• _What you will do_
Return the following from the records below: each line, word for word, starting with the line that contains "la idea ha sido" and going on through the line that contains "fantastic photo opportunity.", with nothing outside that range.

• _Data for this exercise_
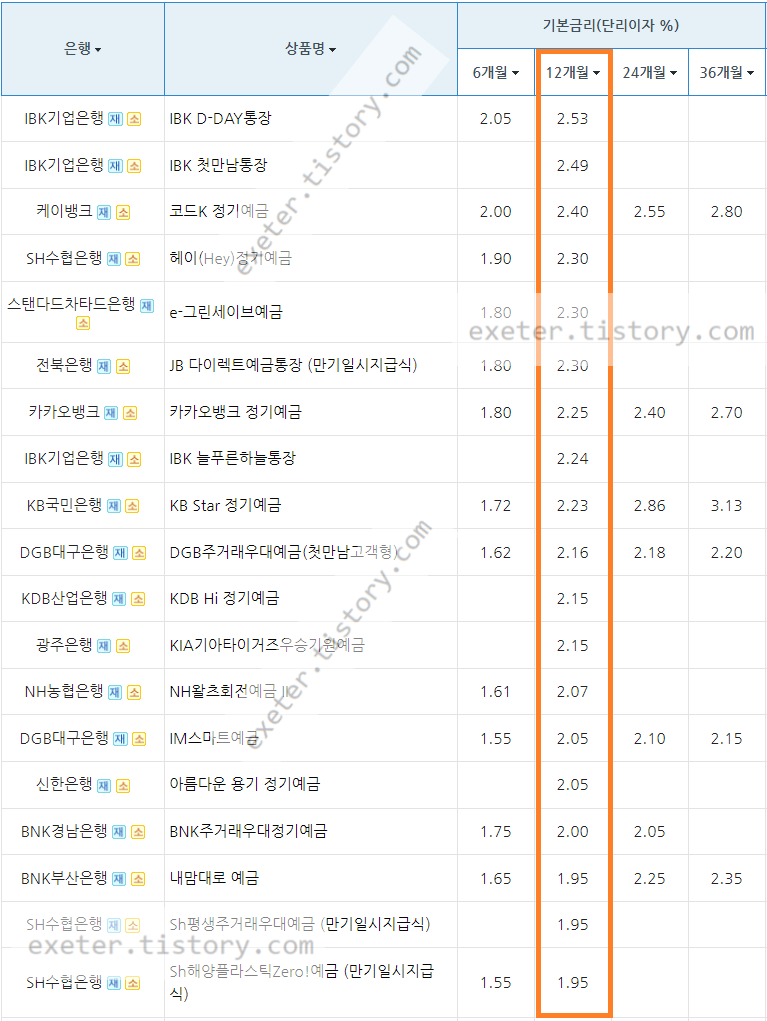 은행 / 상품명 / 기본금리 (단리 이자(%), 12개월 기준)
...
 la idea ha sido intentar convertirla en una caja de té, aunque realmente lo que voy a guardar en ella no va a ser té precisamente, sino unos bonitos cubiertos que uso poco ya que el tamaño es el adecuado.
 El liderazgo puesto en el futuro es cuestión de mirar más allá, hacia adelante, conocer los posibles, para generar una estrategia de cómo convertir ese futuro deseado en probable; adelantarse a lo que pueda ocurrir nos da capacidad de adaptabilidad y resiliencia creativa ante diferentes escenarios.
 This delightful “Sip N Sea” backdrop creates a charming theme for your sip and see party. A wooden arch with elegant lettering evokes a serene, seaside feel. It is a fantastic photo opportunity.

• _Reply_
 la idea ha sido intentar convertirla en una caja de té, aunque realmente lo que voy a guardar en ella no va a ser té precisamente, sino unos bonitos cubiertos que uso poco ya que el tamaño es el adecuado.
 El liderazgo puesto en el futuro es cuestión de mirar más allá, hacia adelante, conocer los posibles, para generar una estrategia de cómo convertir ese futuro deseado en probable; adelantarse a lo que pueda ocurrir nos da capacidad de adaptabilidad y resiliencia creativa ante diferentes escenarios.
 This delightful “Sip N Sea” backdrop creates a charming theme for your sip and see party. A wooden arch with elegant lettering evokes a serene, seaside feel. It is a fantastic photo opportunity.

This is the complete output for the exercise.